Write out the full set of records exactly. Any pictures in them do not belong in the copy.
The data Start Marker
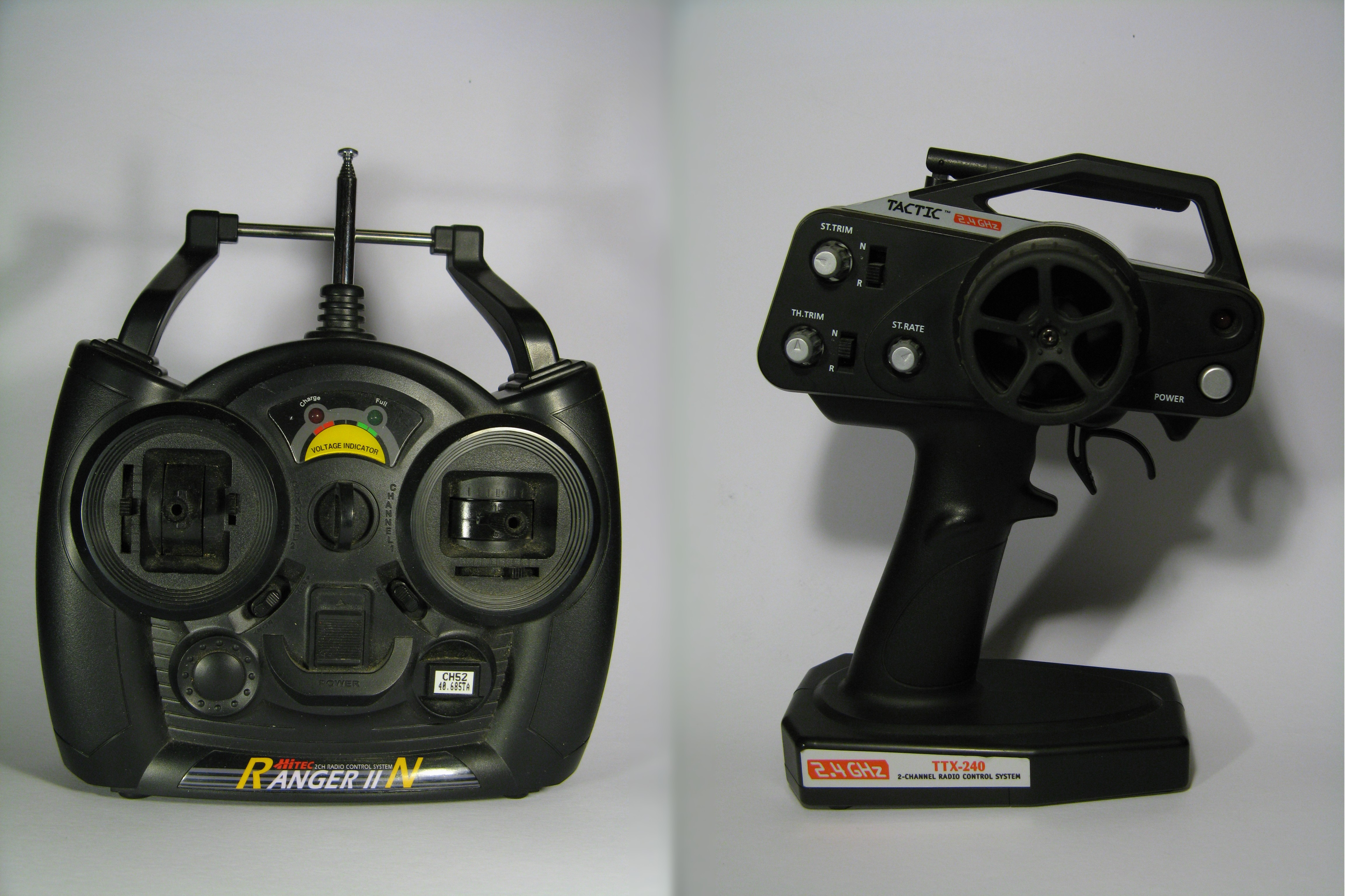 Right: Radio controler, 2,4Ghz, Tactic, type TTX-240 Left: Radio controler, 40mHz, Hitec, type Ranger II )
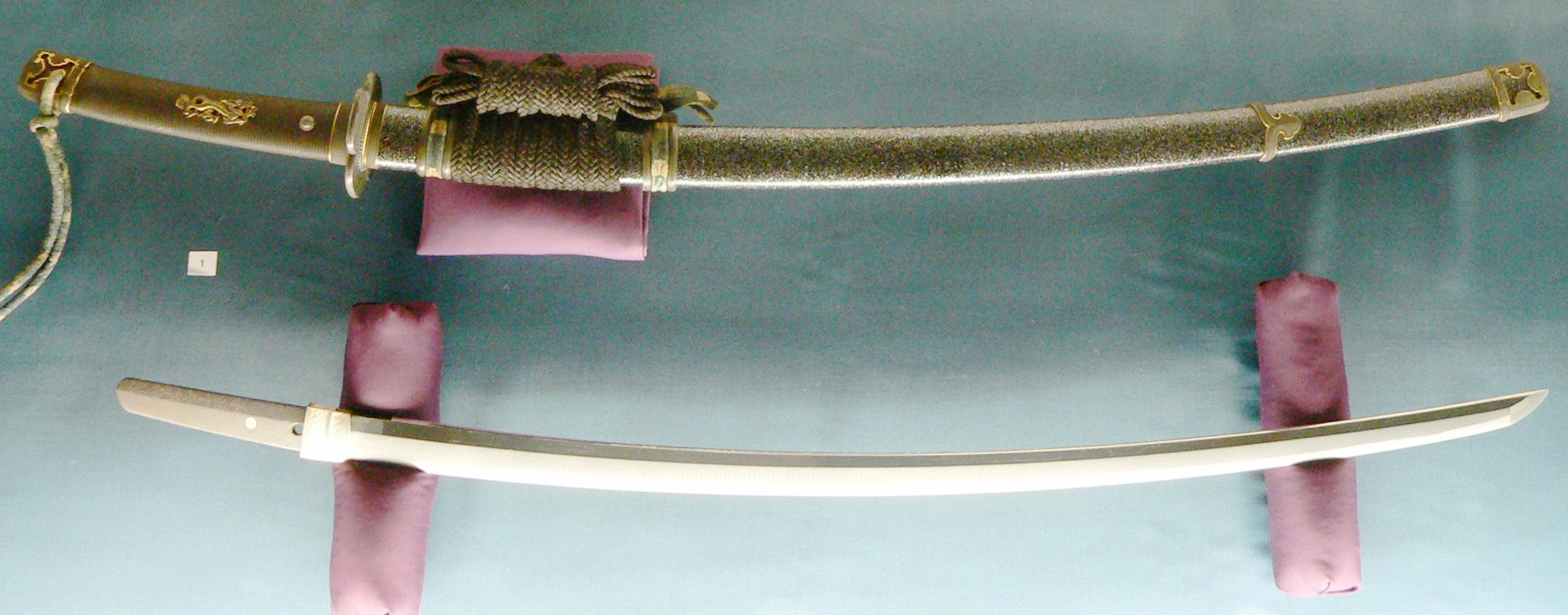 Tachi forged by Bizen Osafune Sukesada, 12th year of the Eishô era, a day in February (1515, Muromachi). Saya in aogai-nashiji laquer, gold decorations. Mounting from 1907, last polish in 1987. Gallery Dutta Geneve
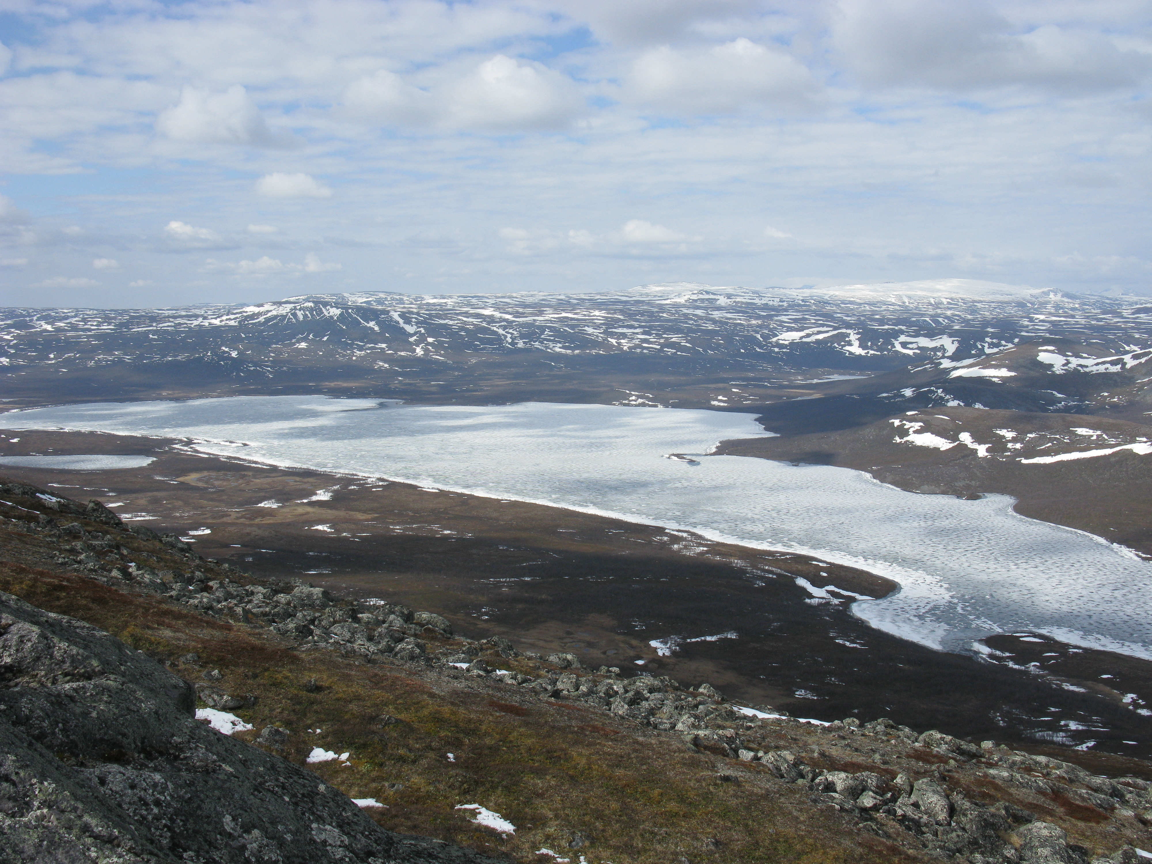 The lake Nagirjávri as seen from Nagirvárri or Nagiallegeašnjunni (the latter being a point on the ridge of the former).
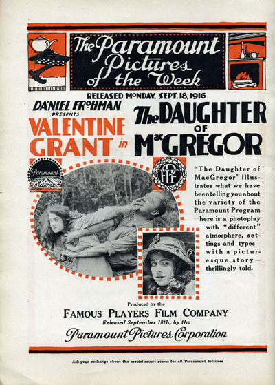 Advertising of The Daughter of MacGregor.
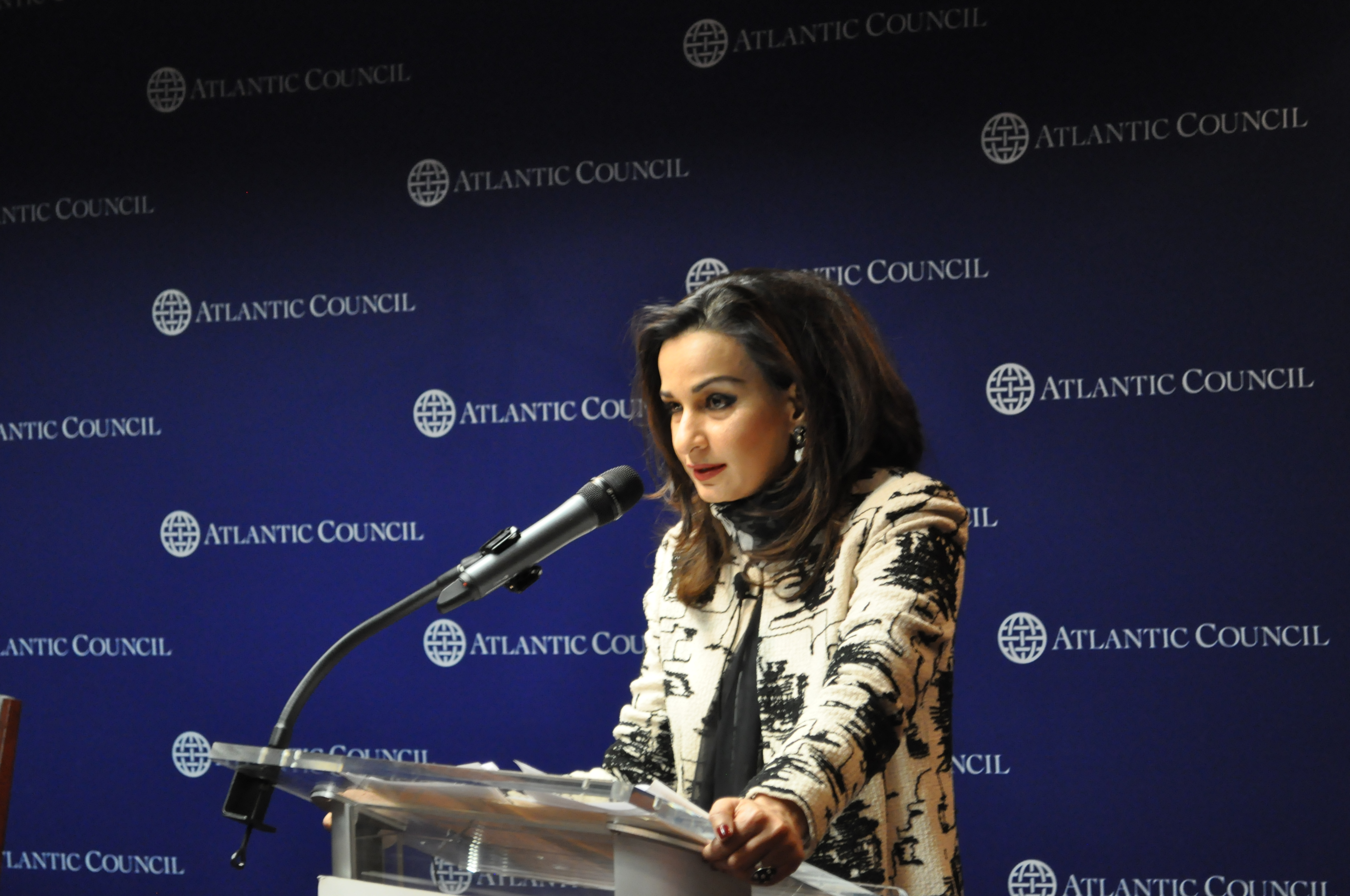 Sherry Rehman
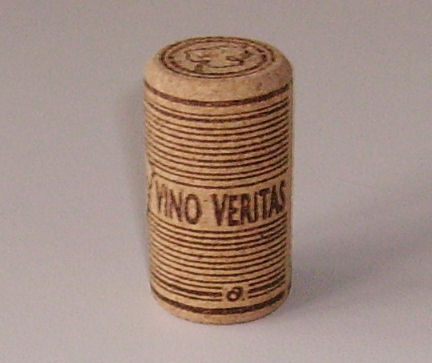 cork stopper
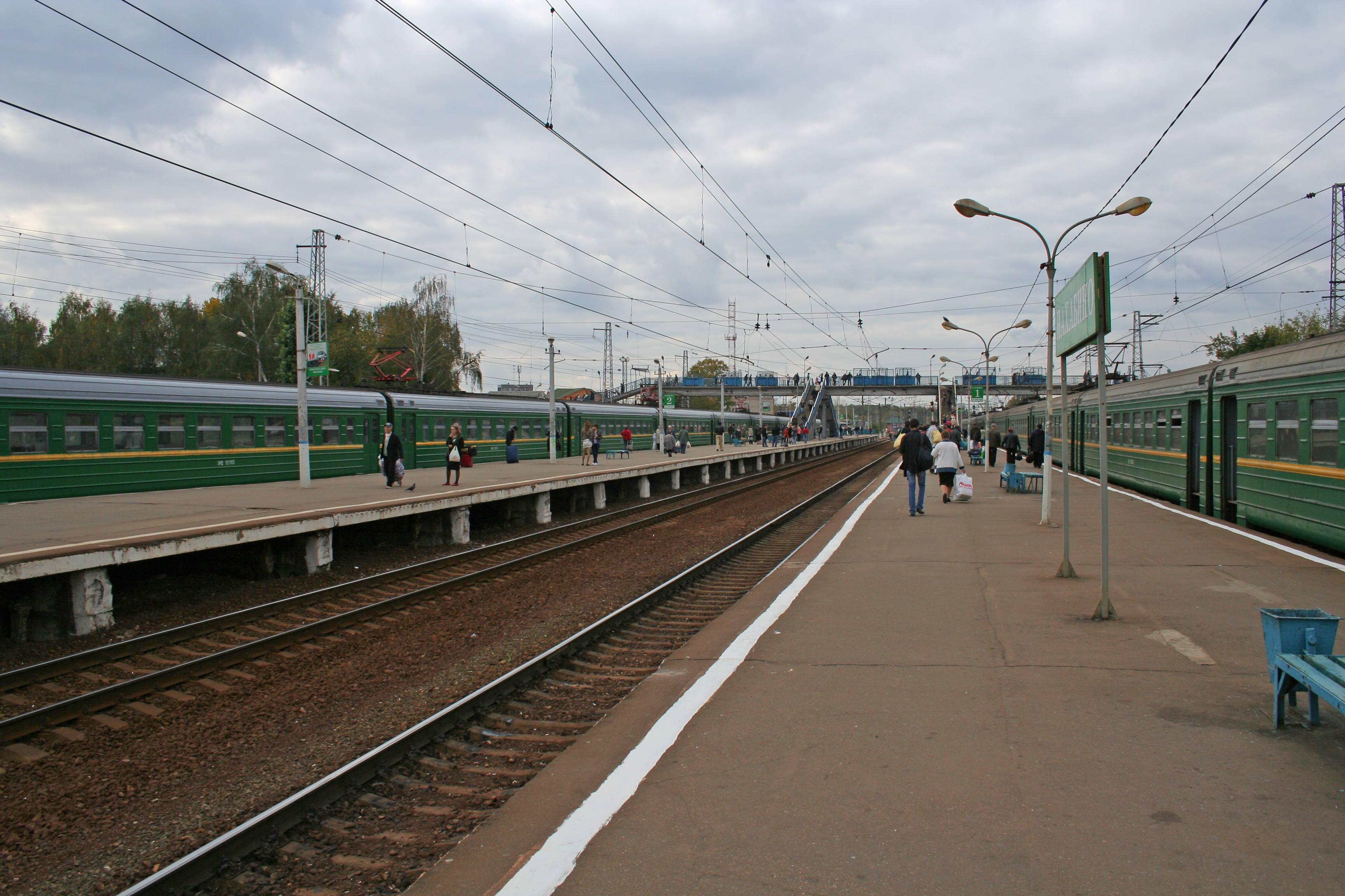 Train station Nakhabino in Moscow Oblast
The data End Marker
**Exercise answer:**
 Right: Radio controler, 2,4Ghz, Tactic, type TTX-240 Left: Radio controler, 40mHz, Hitec, type Ranger II )
 Tachi forged by Bizen Osafune Sukesada, 12th year of the Eishô era, a day in February (1515, Muromachi). Saya in aogai-nashiji laquer, gold decorations. Mounting from 1907, last polish in 1987. Gallery Dutta Geneve
 The lake Nagirjávri as seen from Nagirvárri or Nagiallegeašnjunni (the latter being a point on the ridge of the former).
 Advertising of The Daughter of MacGregor.
 Sherry Rehman
 cork stopper
 Train station Nakhabino in Moscow Oblast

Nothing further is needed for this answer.